What You Need To Know About Rapid Prototyping Systems



Rapid prototyping is the method of constructing physical objects using solid freeform fabrication. The use of rapid prototyping techniques had its start during the 1980's where it was used to build product models. Its current applications have been put into use in a wider range of objectives.

The technique can even be used in order to manufacture quality useable parts in small numbers. Rapid prototyping has even found some applications in the art scene where sculptors use the technology to create intricate shapes that become art pieces.

An improved digital rapid prototyping system makes use of computers in order to create highly accurate design pieces. A digital rapid prototyping system makes use of virtual designs usually created with the help of computer aided design or animation modeling software programs.

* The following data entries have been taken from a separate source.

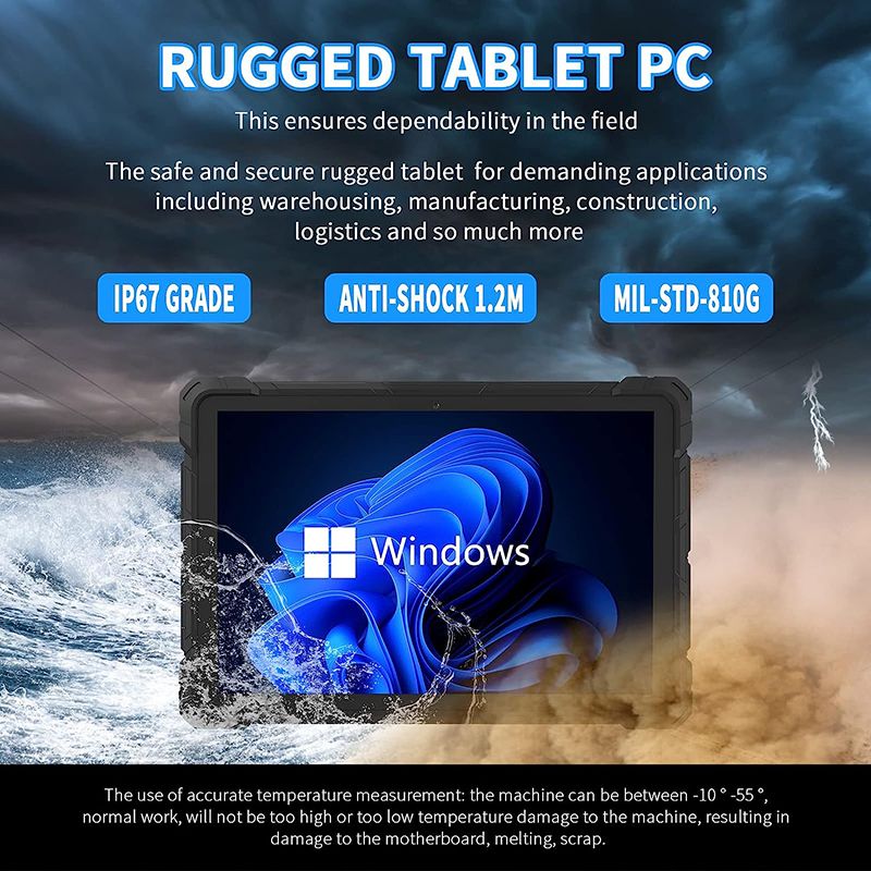 10 Inch IP67 Waterproof Shockproof Rugged Tablet PC Windows 11 Industrial Tempered Glass Computer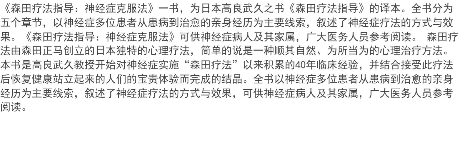 森田疗法指导神经症克服法 【日】高良武久 王祖承 陆谢森 陈幼寅 上海交通大学出版社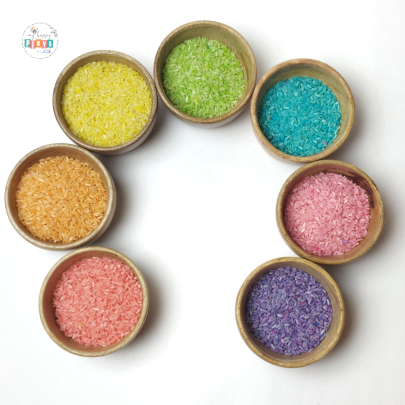 How to play with coloured rice : Pouring,scooping.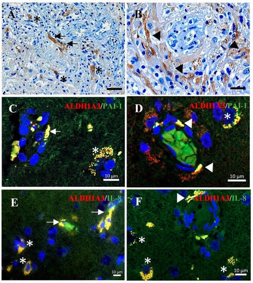Immunohistochemistry and immunofluorescence staining on GBM sections. (A,B) Immunohistochemistry staining of ALDH1A3. The immunoreactivity of ALDH1A3 was detected in vessels (arrows in (A)) and peripheral cells of glomeruloid (arrowheads in (B)) as well as in tumor cells (asterisks in (A)). Scale bar: 50 µm in (A) and 20 µm in (B). (C–E) Double-immunofluorescence staining of ALDH1A3 (red) with PAI-1 (green) (C,D) or with IL-8 (green) (E,F). The co-localization of ALDH1A3 with PAI-1 or with IL-8 immunoreactivity was detected in microvessels (arrows), glomeruloid (arrowheads), and tumor cells (asterisks) in GBM sections.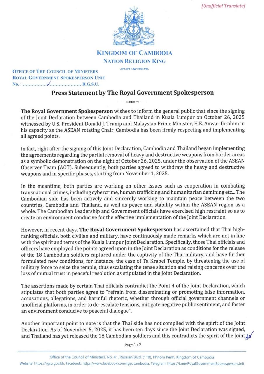 The Royal Government Spokesperson therefore urges Thailand to fully respect and implement all provisions of the Kuala Lumpur Joint Declaration in sincerity and good faith, and to refrain from provocative or misleading statements that may endanger the fragile progress achieved so far.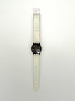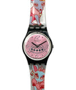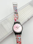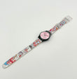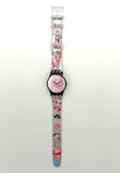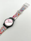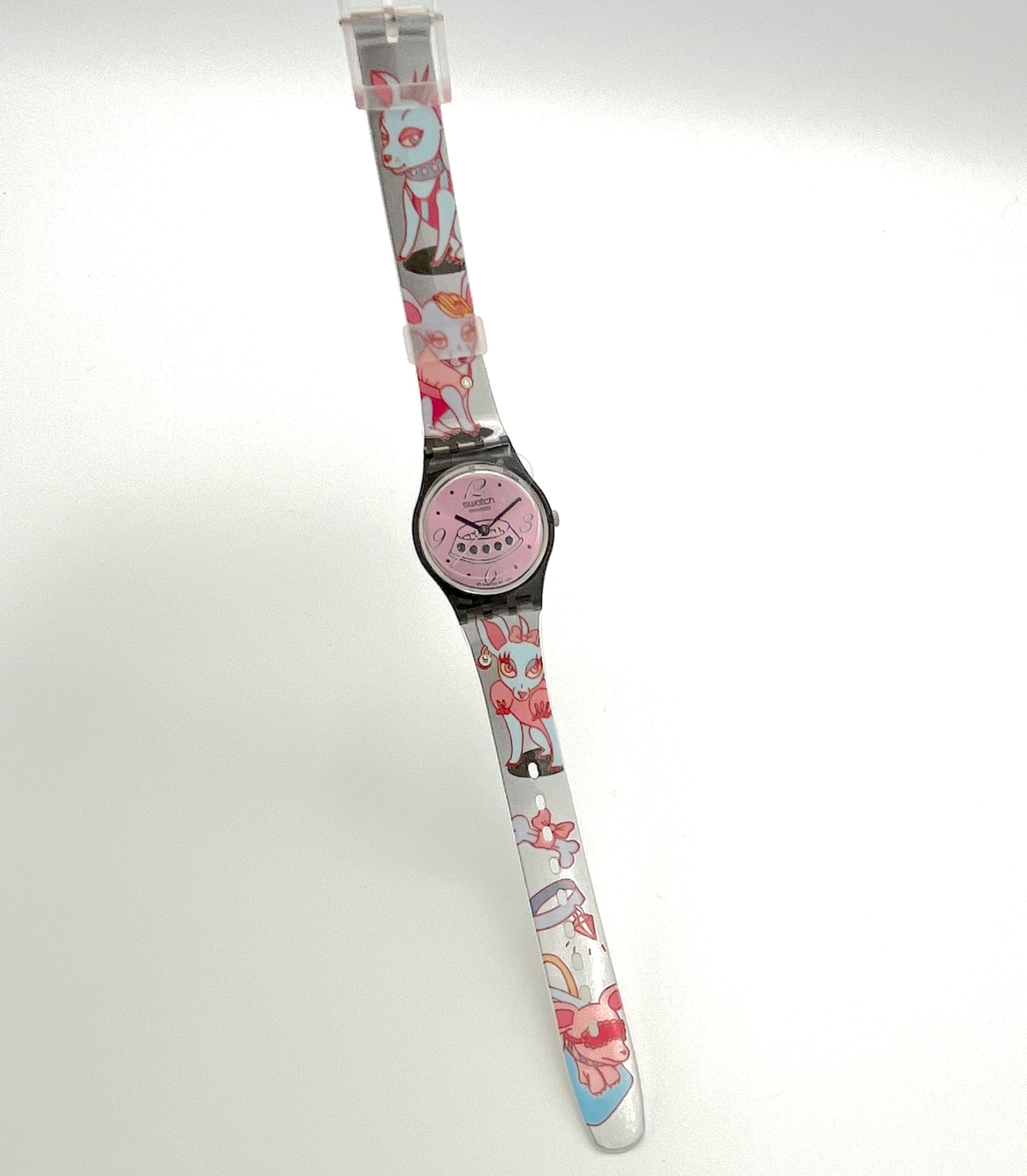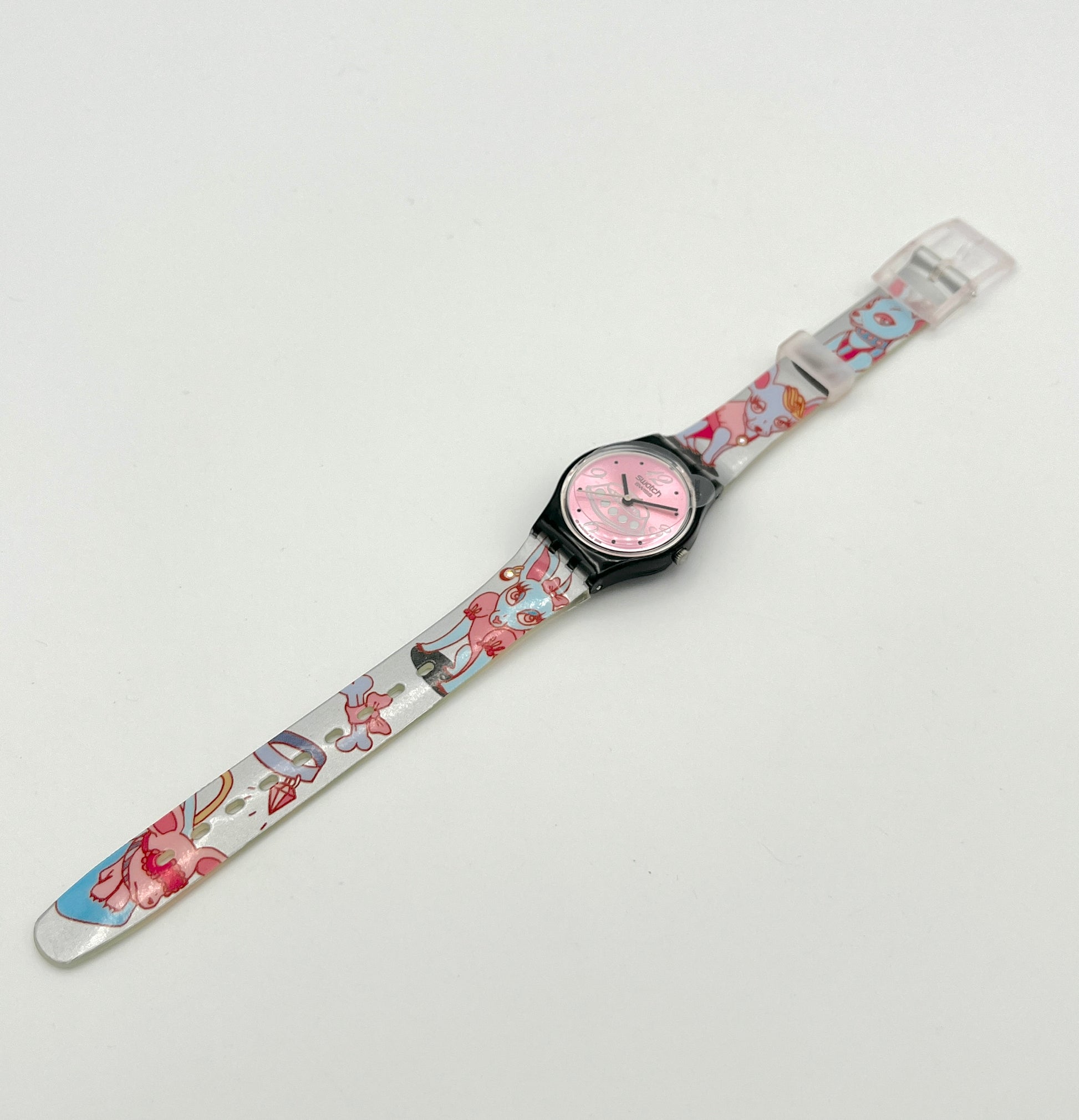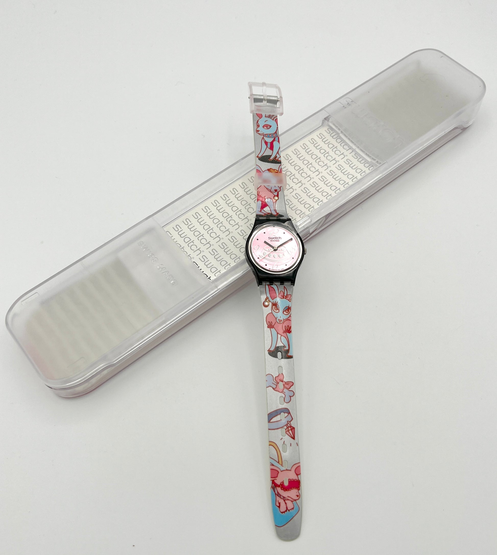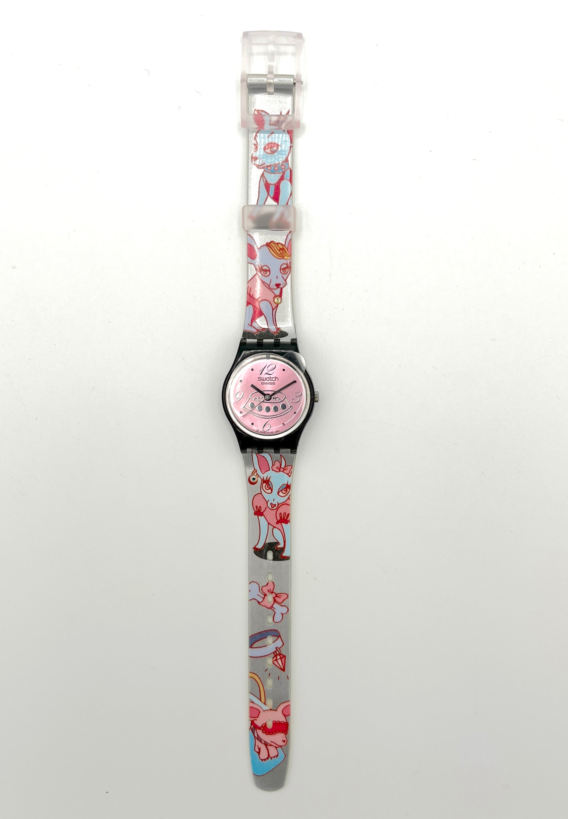 Elegant Design – The very rare Swatch Lady TWINKABELL is a beautiful accessory. The pink dial with a printed food bowl is surrounded by a black case. The playful plastic strap of the watch is covered with lots of little animals and bones

The system then transforms the design into virtual cross sections which a special machine uses to recreate the exact design cross sections in physical space until a physical model is finished. The highly technical process enables virtual designs to take physical shape in very exact and accurate manner.

In rapid prototyping, there are usually two basic approaches to design systems being used. The approach chosen can either be formative or summative. The formative approach is being used for situations wherein the prototype is first built based on the current stage of the design. It is then tested on a control group with the results being used to integrate into the next stage of development in order to further enhance and improve on the usefulness of the current design.

The summative approach on the other hand takes a different course in developing product design. A single test exercise is performed at the end of the overall design enhancing process. At most times the approach is a two step stage. Following the summative approach can sometimes make it too costly to make design changes as the end stage nears.

But this approach is less time consuming and can be more cost effective initially if the projected design is seen to require little refinements when a prototype is done. But in the long run, using the formative approach will definitely be more beneficial. The main reason for this is because when a system is tested as a whole only once at the end of the design period, it may be very difficult to pin point the various flaws that may exist within the design.